With pictures omitted, copy exactly the lines from the one containing "أبي أيوب الأنصاري" through the end of the records below.
BEGIN Entries provided
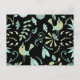 Diseño manual de arte folclórico inspirado diseño de lindos pájaros y flores en azul y verde sobre un fondo negro. Elegante y único.
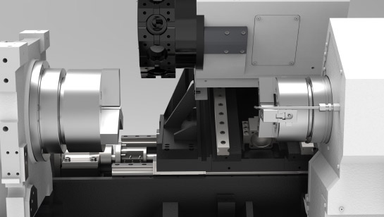 ? 通過雙主軸結(jié)構(gòu)實現(xiàn)同步對接,完成一次裝卡,正反兩面加工零件。
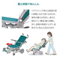 ●標準機能/リクライニング、ひじ掛け跳ね上げ、フットレスト着脱、フットブレーキ
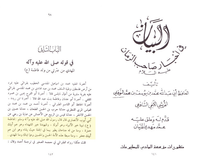 أبي أيوب الأنصاري قال قال رسول الله صلي الله عليه وسلم يقول: لفاطمة (ع) نبينا خير الأنبياء وهو أبوك، وشهيدنا خير الشهداء وهو عم ابيك حمزة، ومنا من له جناحان يطير بهما في الجنة حيث يشاء وهو اين عم أبيك جعفر، ومنا سبكا هذه الأمة الحسن والحسين وهما ابناك ومنا المهدي
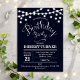 Navy Blue White Birthday Party Invitation. Elegant design in navy and white. Perfect for a rustic style celebration. Features string fairy lights and stylish script font. Personalise with your own details. Please message us if you need further customisation.
END Entries provided
_Solution for this problem_.
 أبي أيوب الأنصاري قال قال رسول الله صلي الله عليه وسلم يقول: لفاطمة (ع) نبينا خير الأنبياء وهو أبوك، وشهيدنا خير الشهداء وهو عم ابيك حمزة، ومنا من له جناحان يطير بهما في الجنة حيث يشاء وهو اين عم أبيك جعفر، ومنا سبكا هذه الأمة الحسن والحسين وهما ابناك ومنا المهدي
 Navy Blue White Birthday Party Invitation. Elegant design in navy and white. Perfect for a rustic style celebration. Features string fairy lights and stylish script font. Personalise with your own details. Please message us if you need further customisation.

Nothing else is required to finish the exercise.